Get all your news in one place.
100’s of premium titles.
One app.
Start reading
The Guardian - AU
The Guardian - AU
Sport
Giles Richards

Carlos Sainz wins Australian F1 Grand Prix in one-two finish for Ferrari

Ferrari driver Carlos Sainz wins the Australian Grand Prix at Albert Park in Melbourne.
Ferrari driver Carlos Sainz wins the Australian Grand Prix at Albert Park in Melbourne. Photograph: William West/AFP/Getty Images

Lying in bed just nine days ago with the wound from his appendectomy still tender, Carlos Sainz had held no expectation of even competing in the Australian Grand Prix. Yet there was the Spaniard in Melbourne on Sunday afternoon, roared on by an appreciative crowd when he climbed from his car after a victory as unlikely as it was valiant.

An achievement with doubtless special resonance for Sainz, the driver who had comeback from surgery and helped return Ferrari’s first one-two since 2022 as world champion Max Verstappen’s dominant run of victories came to an explosive end, but who, as yet, does not have a Formula One drive for next season.
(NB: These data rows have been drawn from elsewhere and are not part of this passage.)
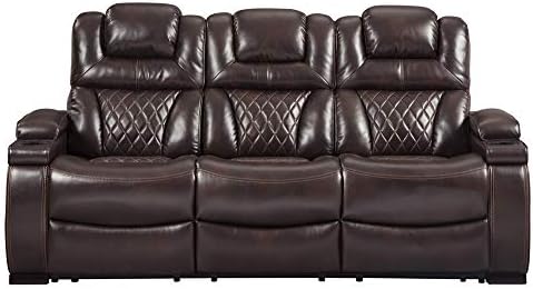 Signature Design by Ashley Warnerton Faux Leather Power Reclining Sofa with Adjustable Headrest, Brown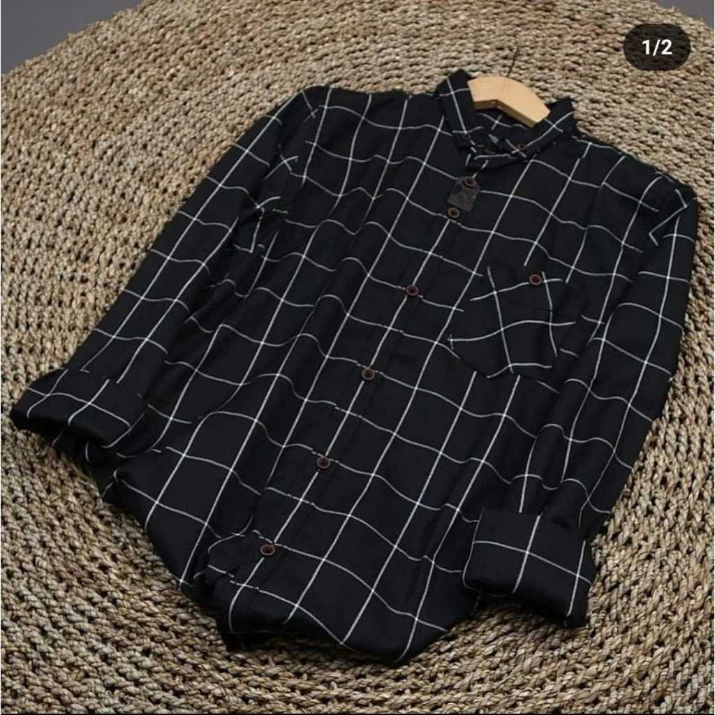 KEMEJA FLANEL VETERANO ATASAN PRIA WANITA KOTAK KOTAK GARIS LENGAN PANJANG BAHAN SUPER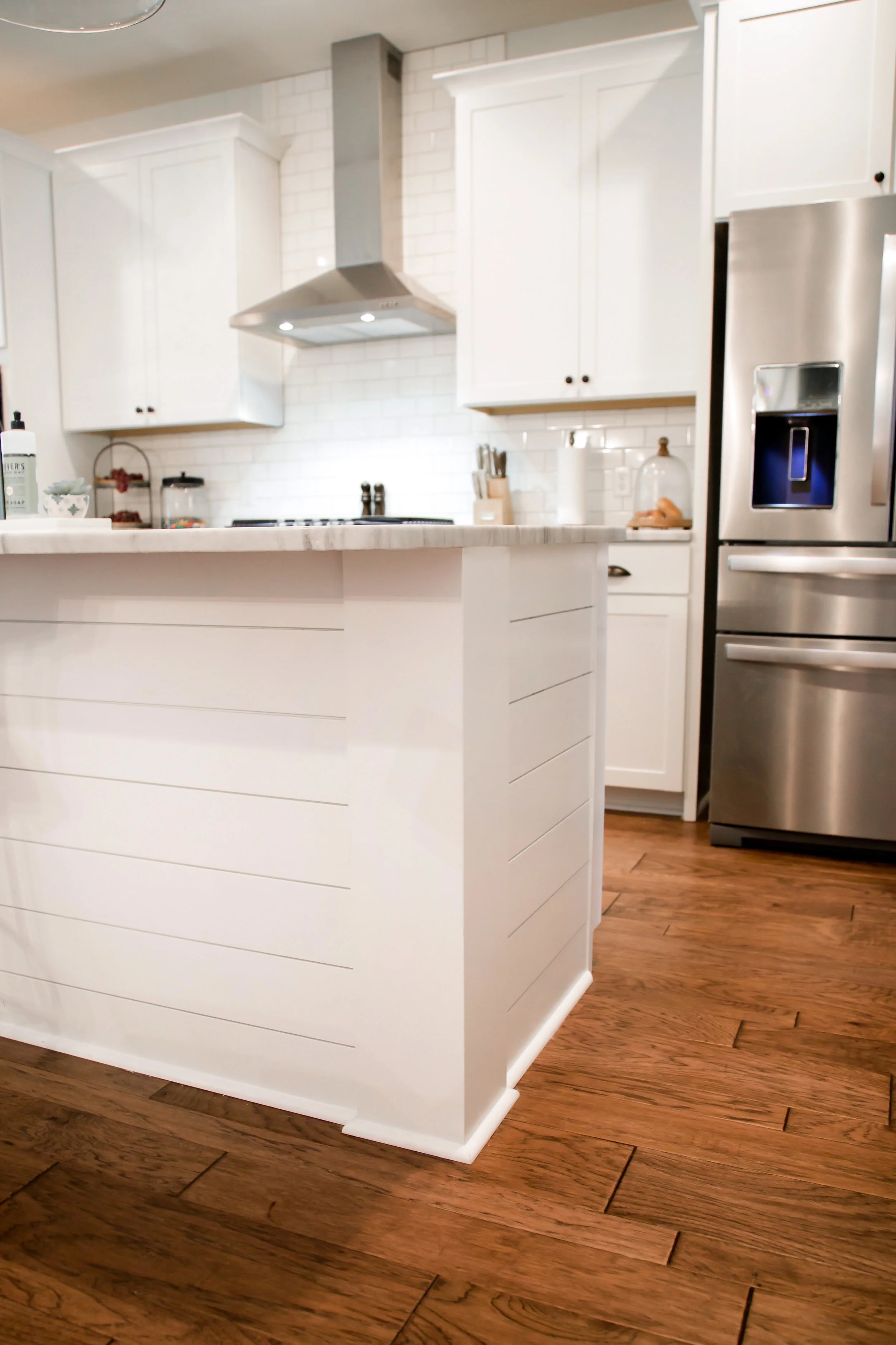How to install kitchen island cabinets. Use straight cuts on plywood and stock boards to wrap the cabinets. Before you begin building the island, order a countertop that's 21-1/4 inches wide by 56 inches long so it's ready for installation once the base piece is completed. Shop Lumber Shop Paint Build the DIY Kitchen Island Case Step 1: Cut the Boards On average, kitchen islands cost $3,000 to $5,000 with high-end island installations costing $10,000 or more. However, installing a simple kitchen island out of base cabinets yourself reduces the cost to $400 to $1,500. For a 78-inch long x 36-inch wide kitchen island, the cost of material is around $1,100. Check that there's enough space for installation. After determining where you want your kitchen island to go, check that there's enough free space in the room so installation can take place safely without damaging the surrounding area or existing appliances nearby. Measure everything with tape and record the dimensions in a notebook or computer ... Anchor island cabinets using the same positioning and blocking techniques we show for the peninsula cabinets. However, it's best to install your upper cabinets before starting on an island to keep a clear work area in the middle of the kitchen. How to Install Kitchen Cabinets Step 7: Install the upper cabinets

Before the season began the 29-year-old had been dealt a body blow when Ferrari announced they were to drop him for Lewis Hamilton in 2025. A dispiriting moment to which he responded in feisty fashion with a podium at the season opener in Bahrain only for further ill-fortune to then strike when two weeks ago he was forced to withdraw from the Saudi Arabian Grand Prix with appendicitis.

After the subsequent operation he was in bed for seven days and it was as late as the Friday of the Australian GP before he and Ferrari felt confident he was able to drive.

The 29-year-old’s preparation could not have been less suitable. He is still far from fully recovered, had lost several kilos of weight, could not complete the usual fitness and simulator work pre-race and admitted that coping with the intense G-forces at Albert Park after the operation was a unique challenge.

He had noted on Saturday after qualifying with a surprising level of sangfroid just quite the effect a return to the car was having, observing of his body that “everything in the inside just feels like it’s moving more than normal”. A notion such as to induce queasiness while sitting down with a cup of tea, let alone hurtling round one of the most demanding circuits on the calendar.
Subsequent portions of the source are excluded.